▶ **COLLECTED DATA**:
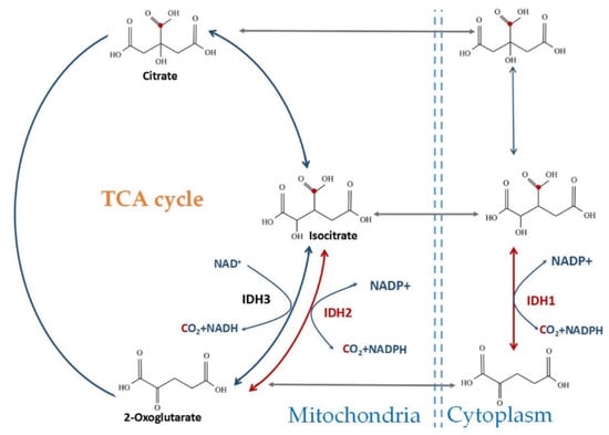The expression of the three IDH isoforms in human cells differs in their subcellular localization, molecular structure, cofactor requirement, and catalytic mechanism (Figure 1) [19]. IDH1 is localized in the cytoplasm and peroxisomes, whereas IDH2 and IDH3 are found in the mitochondria [20]. IDH1 and IDH2 (EC code: 1.1.1.42) share considerable sequence similarity (70% identity in humans) and catalyze the same reaction [20,21]. Reductive carboxylation of αKG to isocitrate by NADPH and CO2 can be catalyzed by IDH1 and IDH2, which catalyze reversible reactions [19,20,21]. Reversible CO2 fixation was also observed by isotopic analysis of TCA cycle intermediates in rat liver [22].
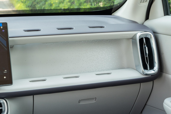副驾的魔术拓展坞是很贴心的盘算推算,和洞洞板的使用神情相似,可以吊挂多样小物件,搭配手机支架的话,坐在副驾的东谈主看视频、导航齐很方便,拓展坞还能搭配折叠小桌板使用,大开后可以舍弃电脑,日常出行途中如若有临时的责任需求,停驻车就能处分,实用性拉满。车内的手套箱空间很大,能放下14寸的札记本电脑,中置空调的布局让空间获取了充分利用,比较粗拙车型的手套箱,储物材干进步了不少,日常的杂物、出行的用品齐能邋遢收纳,无谓再为车内储物空间不及而苦闷。
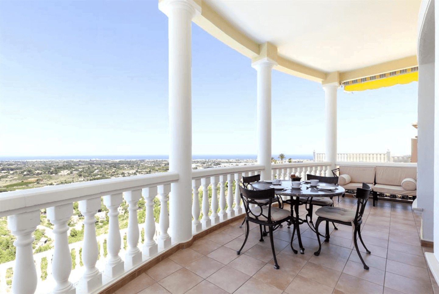 Terraza cubierta con conjunto de exterior compuesto por una mesa redonda y cuatro sillas con vistas al mar.

▶ **WHAT TO WORK ON**:
Reprint the listing above verbatim but drop the images.

▶ **OUTPUT OF THE EXERCISE**:
The expression of the three IDH isoforms in human cells differs in their subcellular localization, molecular structure, cofactor requirement, and catalytic mechanism (Figure 1) [19]. IDH1 is localized in the cytoplasm and peroxisomes, whereas IDH2 and IDH3 are found in the mitochondria [20]. IDH1 and IDH2 (EC code: 1.1.1.42) share considerable sequence similarity (70% identity in humans) and catalyze the same reaction [20,21]. Reductive carboxylation of αKG to isocitrate by NADPH and CO2 can be catalyzed by IDH1 and IDH2, which catalyze reversible reactions [19,20,21]. Reversible CO2 fixation was also observed by isotopic analysis of TCA cycle intermediates in rat liver [22].
副驾的魔术拓展坞是很贴心的盘算推算,和洞洞板的使用神情相似,可以吊挂多样小物件,搭配手机支架的话,坐在副驾的东谈主看视频、导航齐很方便,拓展坞还能搭配折叠小桌板使用,大开后可以舍弃电脑,日常出行途中如若有临时的责任需求,停驻车就能处分,实用性拉满。车内的手套箱空间很大,能放下14寸的札记本电脑,中置空调的布局让空间获取了充分利用,比较粗拙车型的手套箱,储物材干进步了不少,日常的杂物、出行的用品齐能邋遢收纳,无谓再为车内储物空间不及而苦闷。
 Terraza cubierta con conjunto de exterior compuesto por una mesa redonda y cuatro sillas con vistas al mar.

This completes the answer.